He says it’s a good bar question. Lol.
Anyways, that’s the result.
About 1.1 × 10¹⁵ poops — roughly 1,086 trillion.
Freaking impressive!
I guess one more doesn’t make any difference, but I deployed it nevertheless!
We’re so useless!!
If anybody’s interested, here’s the math:
The math
Started from the Population Reference Bureau’s estimate that about 117 billion members of our species have ever been born on Earth .
But births alone aren’t enough — someone who died at age 2 pooped far less than someone who lived to 80. So I converted to person-years lived, distributing those 117 billion births across historical epochs and multiplying by the life expectancy of each period. The key fact: life expectancy at birth probably averaged only about 10 years for most of human history . We died young for millennia.
Result: ~3 × 10¹² person-years lived in total. Multiply by 365 poops/year → 1.09 × 10¹⁵ poops.
Scale comparisons
• Per person alive today: 132,000 poops each if distributed evenly — 363 years of daily pooping per person.

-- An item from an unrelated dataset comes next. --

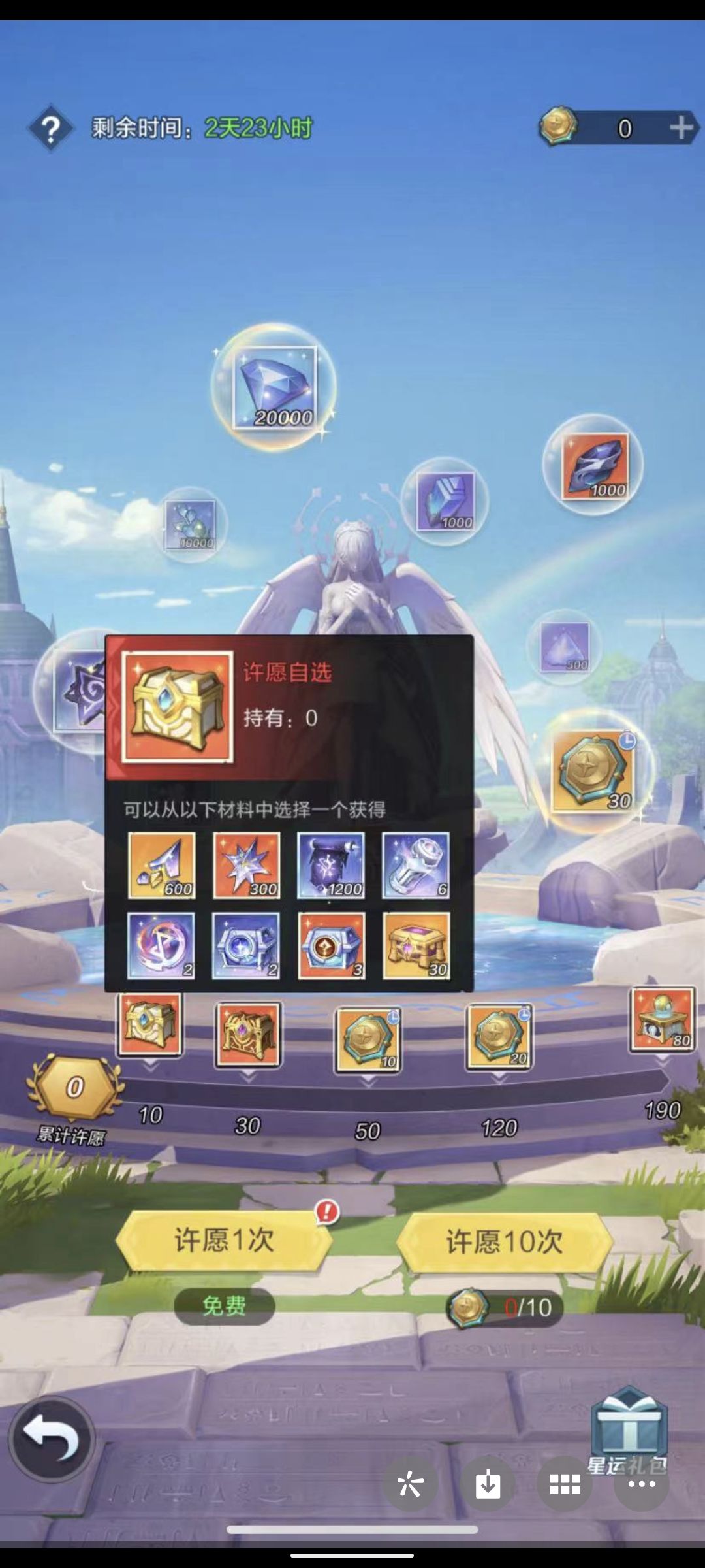 同时白给一个材料自选箱,推荐选1200真知残卷稀有度,且价值最高,超值卖19200钻石

• Total weight (150g each): ~163 billion tonnes.
• Total volume: ~154 km³ — about 3 times Lake Garda in pure poop.
• Today’s global daily output (8.2 billion poops) is just 0.00075% of the historical total. A drop in the lake.
Honest caveeats
The wobbliest number is the Paleolithic — no demographic data exist for more than 99% of the span of human existence , and even for year 1 CE estimates range from 170M to 300M people. Uncertainty is easily ±30%. I also assumed 1 poop/day; newborns do 4-6, the constipated do one every three days, high-fibre pre-industrial diets probably produced more.
The order of magnitude — 10¹⁵, a quadrillion — is solid.
Sunday, 17 May 2026 | 9:04 AM
Another day of problematic shit
Saturday, 16 May 2026 | 8:16 AM
Shitty shit. finally
Luckily.
I was going to explode. My belly was bloating for days. It still is a little balloony, but I feel little better now.
Friday, 15 May 2026 | 2:57 PM
Definitely not the best time for a poop
Yet, it just kicked
Friday, 15 May 2026 | 8:12 AM
Constipated morning
I just hate it
Hate life
Hate people
Hate anything.
JUT BECAUSE OF UNEXPELLED SHIT!
Thursday, 14 May 2026 | 8:01 AM
The problem with shit today is, no prob, no greatness. Just dull
Wednesday, 13 May 2026 | 4:35 PM
An even-less-expected third turd today.
Let’s go back to work now
Wednesday, 13 May 2026 | 9:50 AM
There was more poop, and I didn’t notice it.
Now, it’s just self-evident. Stained
Wednesday, 13 May 2026 | 7:50 AM
Just taking shit.
Tuesday, 12 May 2026 | 8:15 AM
I’m way too drowsy to take a proper shit. Luckily it happened all by itself as I sat down.
One single HUGE drop
Monday, 11 May 2026 | 8:08 AM
Poop got out in a POP.
My cats startled. Lol
Sunday, 10 May 2026 | 9:23 AM
I feel odd, this morning.
Can’t shit, but I feel black magic inside me.
I feel like I hate anybody and anything. It’s bad.
I hate myself as well.
Must take a shit but I’m constipated. That shit is black magic.
It’s bad
Hope I survive the day
Sarurday, 9 May 2026 | 9:54 AM
fair poop session
6/10
Not so great
Friday, 8 May 2026 | 8:40 AM
Poop in two – very close – sessions.
Took a poop, a fair amount, then went straight to the desktop to start my daily tasks. BUT(T), my arse started pounding, then farting, then smelling.
I had to get back to the loo.
Which is exactly where I’m right now.
You know what though? Shit is still hiding, idling, but IT’s THERE! i feeeeel it!
Thursday, 7 May 2026 | 3:56 PM
Finally, A decent aMOUNT(ain) OF CRAP!